----- Data shown

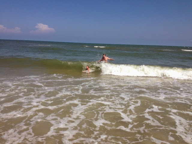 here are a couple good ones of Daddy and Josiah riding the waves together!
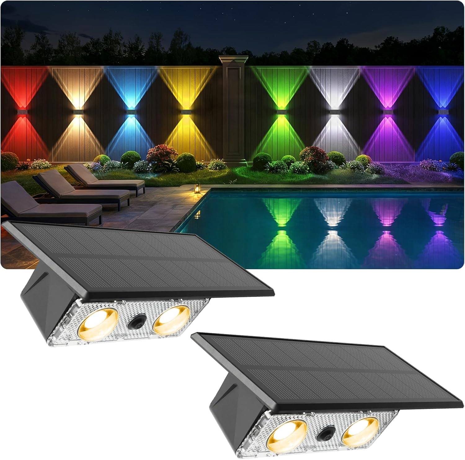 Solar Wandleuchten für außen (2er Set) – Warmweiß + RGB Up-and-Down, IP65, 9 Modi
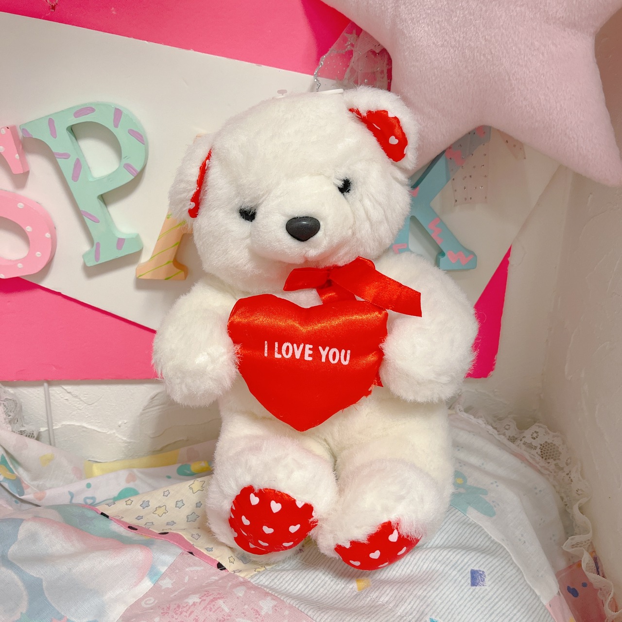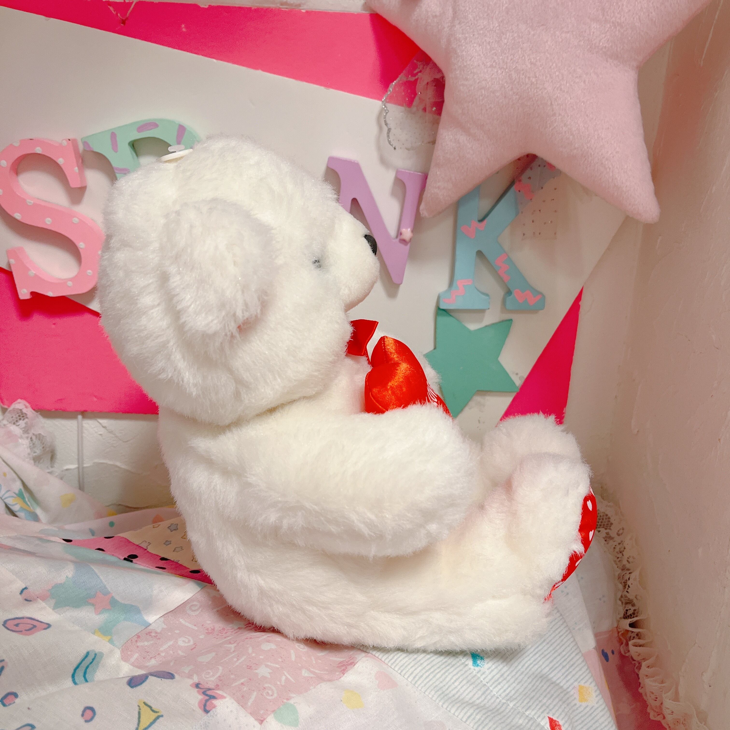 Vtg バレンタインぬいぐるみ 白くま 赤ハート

----------

## The task
Only the pictures are to be left out; copy all the remaining material above exactly.

## Solution
 here are a couple good ones of Daddy and Josiah riding the waves together!
 Solar Wandleuchten für außen (2er Set) – Warmweiß + RGB Up-and-Down, IP65, 9 Modi
 Vtg バレンタインぬいぐるみ 白くま 赤ハート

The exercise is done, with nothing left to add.